さて、長くなってしまいましたが、シングルモルトの中でもカスクストレングスは品質が良くも悪くも安定せず、どちらかというと初心者よりは上級者におすすめするものです。
ですから、初心者の方にはシングルカスクでない一般的なシングルモルトをおすすめします。
シングルモルトのロールスロイス、マッカラン
銘柄でいうと、まずおすすめするのはマッカランです。
マッカランはシングルモルトのロールスロイスと呼ばれ、スコッチウイスキーのなかでも定番のひとつ。シェリー樽熟成による気品のある香味が特徴とされています。
シェリー樽のニュアンスはありながら、独特のクセが抑えられたまろやかで気品のあるブレンド。シングルモルトの強い旨味と飲みやすさが両立しており、初心者にもオススメです。
350mlの瓶で2~3000円程度と、多少値が張りますが、凡百の安ウイスキーに散財するよりは価値ある買い物になることを保証します。
アイラモルトの女王と呼ばれる、ボウモア
次におすすめするのは、アイラモルトの女王と呼ばれるボウモアです。
ボウモアは、大麦を乾燥させるためのピート(泥炭)由来のスモーキーな香味を特徴とするアイラウイスキーを代表する蒸溜所の1つ。スコッチウイスキーの中でも歴史ある一本といえるでしょう。

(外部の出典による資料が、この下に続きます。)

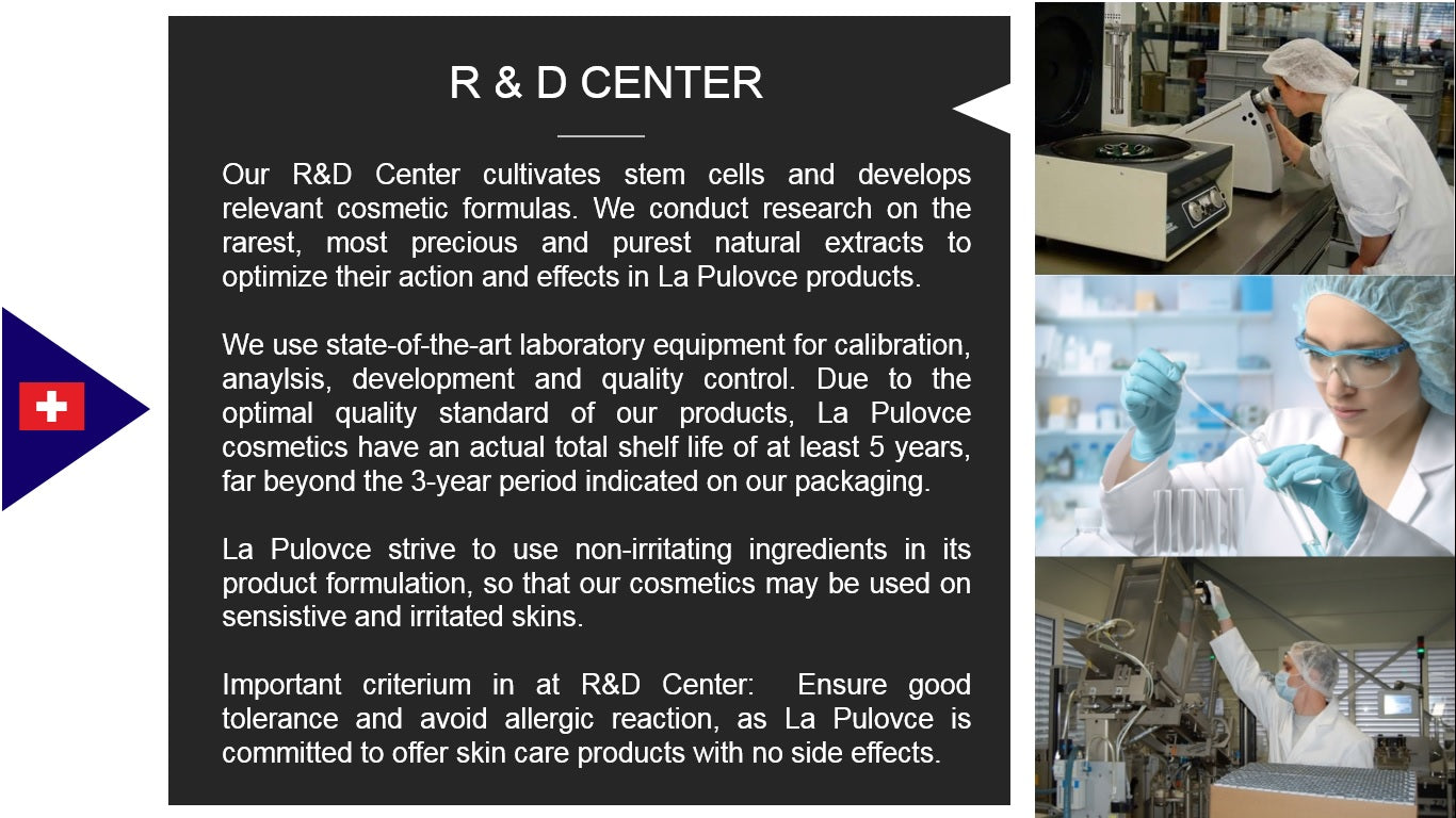 Armed with the most advanced manufacturing equipment and state-of-the-art warehousing facilities, all La Pulovce cosmetics are produced in strict accordance with the Federal regulation and quality standard of Switzerland, one of the highest quality standard for cosmetics in the world.

8つあるアイラの蒸溜所の中でちょうど真ん中あたりに位置し、非常にバランスのとれた味わいです。価格もシングルモルトの中では平均的なので手に入れやすいのもポイント。
牡蠣に垂らして食べるのが通だとか。知り合いにも、ボウモアの牡蠣の味を知ってからボウモアしか飲まないというものがおります。

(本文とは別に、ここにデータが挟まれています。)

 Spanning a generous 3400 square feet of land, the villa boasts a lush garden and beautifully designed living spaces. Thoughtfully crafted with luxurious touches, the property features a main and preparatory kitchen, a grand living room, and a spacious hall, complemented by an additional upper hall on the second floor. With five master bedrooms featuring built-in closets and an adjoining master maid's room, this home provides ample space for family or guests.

アイラ島でも南側に位置する蒸溜所には、強烈なピート香をもつラフロイグやアードベッグなど、特徴的な香味を持つものがありますので、ボウモアのあとはぜひそうした尖ったウイスキーを試してみましょう。
グレーンウイスキーのおすすめ
グレーン・ウイスキーは、トウモロコシなどの穀物を主原料とするウイスキーです。
(とはいえ糖化のためにモルト(麦芽)を入れるので、グレーン・ウイスキーといってもモルトを使っていないわけではありません。)
シングルモルトウイスキーに比したグレーンウイスキーの特徴は、味わいがライト(軽い)であることです。

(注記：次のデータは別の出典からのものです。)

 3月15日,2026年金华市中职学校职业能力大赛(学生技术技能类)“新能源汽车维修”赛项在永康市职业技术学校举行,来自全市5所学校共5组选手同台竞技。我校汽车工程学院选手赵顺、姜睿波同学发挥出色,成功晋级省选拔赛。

ゆえに、グレーンウイスキーはサイレント・スピリッツ(静かな蒸溜酒)、大してモルトウイスキーはラウド・スピリッツ(声の大きい蒸溜酒)と呼ばれます。
グレーンウイスキーが作られている代表的な地域は、アメリカのケンタッキー州です。
同州で作られるグレーン・ウイスキーは、独立戦争の時にアメリカに味方したフランスのブルボン朝に名前をもらい、「バーボン」と呼称されるようになりました。
初心者に適したバーボン、Jim Beam
さて、そのバーボンの中でもオススメはジム・ビーム(JimBeam)です。最近SUNTORY社がM&Aしたことでも話題になったお酒。バニラやキャラメルのような香りが特徴で、雑味が非常に少なく、初心者に飲みやすいバーボンです。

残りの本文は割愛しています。